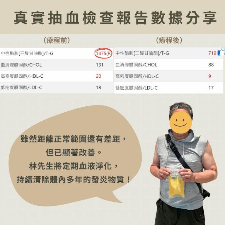 經過一次血液淨化療程,林先生的三酸甘油脂從1400多直接降到700多,雖然距離正常範圍還有差距,但已經取得了顯著的改善。林先生對此結果感到非常滿意,並計劃繼續進行定期的血液淨化療程,以持續清除體內多年的發炎物質、多餘的膽固醇和三酸甘油脂。再搭配營養師的飲食管理及藥物的協助控制,林先生表示:「我已經在期待看到自己抽血報告裡三酸甘油脂可以恢復成黑字,讓我跟我的家人不用再擔心!」
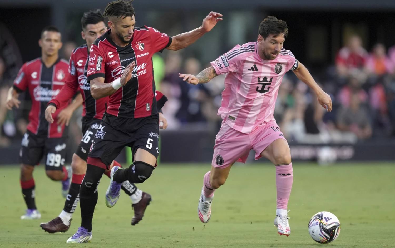 Inter Miami forward Lionel Messi, right, is pursued by Atlas defender Doria (5) during the first half of a Leagues Cup group stage soccer match, Wednesday, July 30, 2025, in Fort Lauderdale, Fla (AP)
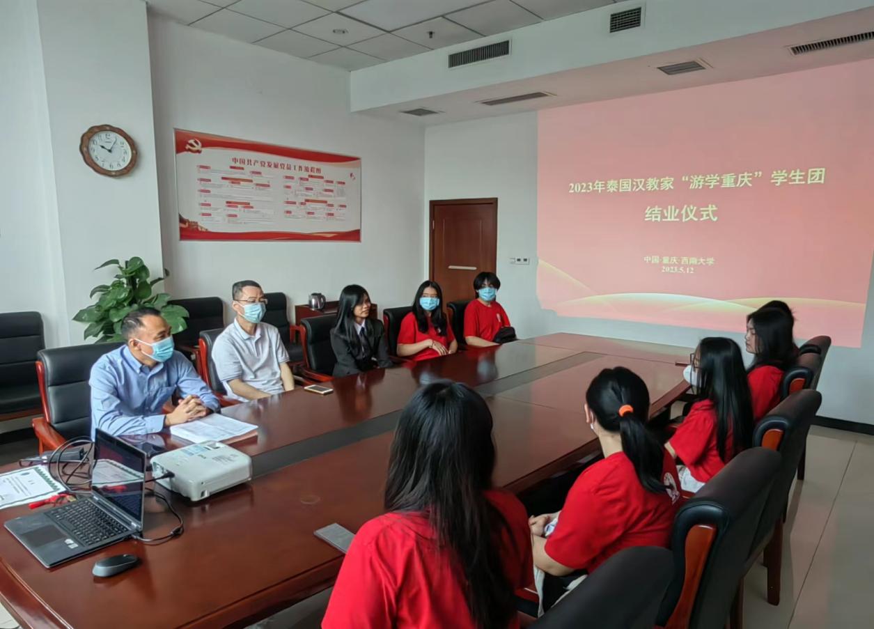 5月12日上午10点,泰国汉教家“游学重庆”员工团结业仪式在永利3044noc紫云楼304室举行,副经理李航、经理助理耿军、招生办公室主任黄无为、泰国汉教家领队于兰凤老师,以及10名泰国中员工参加结业仪式。仪式由黄无为主持。
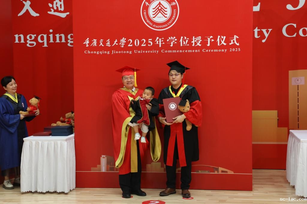书记和校长瞬间被热情的浪潮温柔裹挟。身着学位服的学子们,有的邀请父母亲人一同合影,父母欣慰的泪光,映照出子女成长的足迹,都在这一刻定格成最圆满的“全家福”;有的将鲜红的结婚证书也举到镜头前,分享双喜临门的甜蜜;还有人带着蹒跚学步的孩童,让稚嫩的小手触摸这荣耀的衣袍。更有学子展开精心准备的自制横幅,上面写着俏皮话,为自己的青春画上最独特的注脚,成为合影中最独特的背景。快门声此起彼伏,闪光灯交织如星网,每一帧画面都在无声地呐喊:此情此景,铭心难忘!

> [Action item] At the line containing "5月12日上午10点,泰国汉", start reproducing exactly, and stop after the last line of the listing; include both ends, and leave the pictures out.

> [Answer below]
 5月12日上午10点,泰国汉教家“游学重庆”员工团结业仪式在永利3044noc紫云楼304室举行,副经理李航、经理助理耿军、招生办公室主任黄无为、泰国汉教家领队于兰凤老师,以及10名泰国中员工参加结业仪式。仪式由黄无为主持。
书记和校长瞬间被热情的浪潮温柔裹挟。身着学位服的学子们,有的邀请父母亲人一同合影,父母欣慰的泪光,映照出子女成长的足迹,都在这一刻定格成最圆满的“全家福”;有的将鲜红的结婚证书也举到镜头前,分享双喜临门的甜蜜;还有人带着蹒跚学步的孩童,让稚嫩的小手触摸这荣耀的衣袍。更有学子展开精心准备的自制横幅,上面写着俏皮话,为自己的青春画上最独特的注脚,成为合影中最独特的背景。快门声此起彼伏,闪光灯交织如星网,每一帧画面都在无声地呐喊:此情此景,铭心难忘!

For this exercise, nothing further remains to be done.